(Data shown)

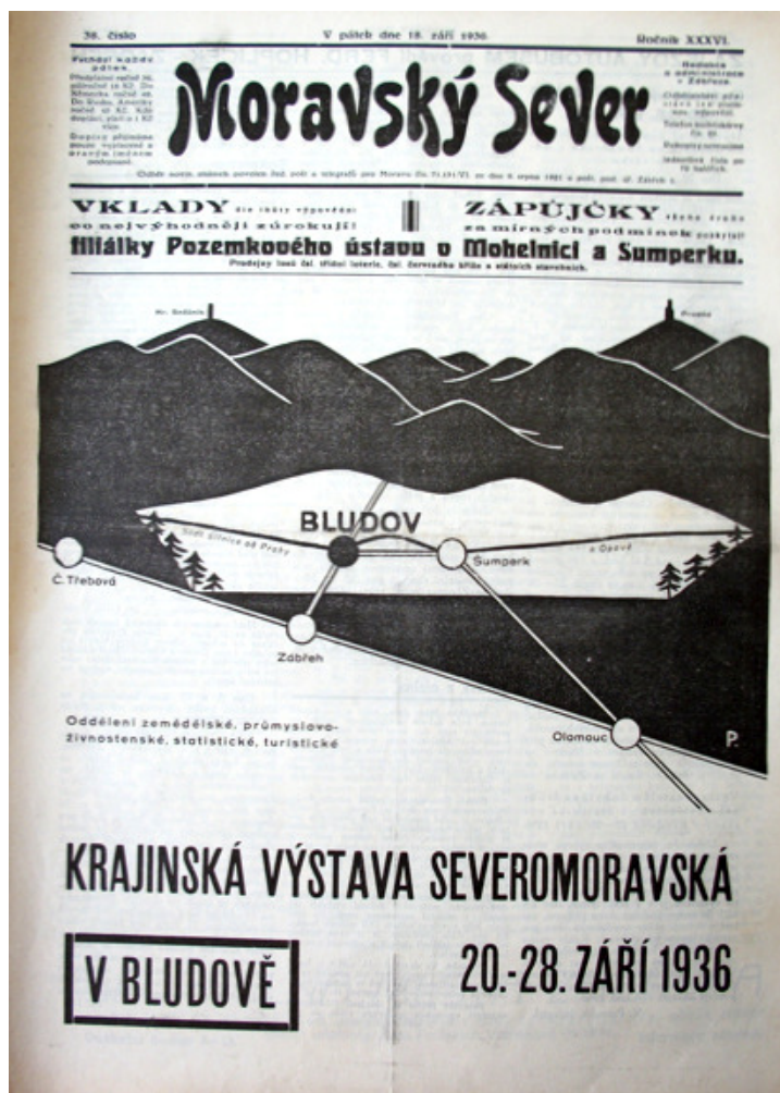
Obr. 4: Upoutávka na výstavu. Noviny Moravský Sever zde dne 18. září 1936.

(End Data shown)
(Data shown)

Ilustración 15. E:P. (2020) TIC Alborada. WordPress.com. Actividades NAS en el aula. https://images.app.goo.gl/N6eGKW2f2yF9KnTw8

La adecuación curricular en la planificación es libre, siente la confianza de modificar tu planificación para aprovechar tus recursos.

(End Data shown)

Exercise instructions: Taking the lines above, repeat exactly those from the line that contains "Ilustración 15. E:P." through the line that contains "La adecuación curricular", and both of those lines as well. Include nothing else.

Task answer:
Ilustración 15. E:P. (2020) TIC Alborada. WordPress.com. Actividades NAS en el aula. https://images.app.goo.gl/N6eGKW2f2yF9KnTw8

La adecuación curricular en la planificación es libre, siente la confianza de modificar tu planificación para aprovechar tus recursos.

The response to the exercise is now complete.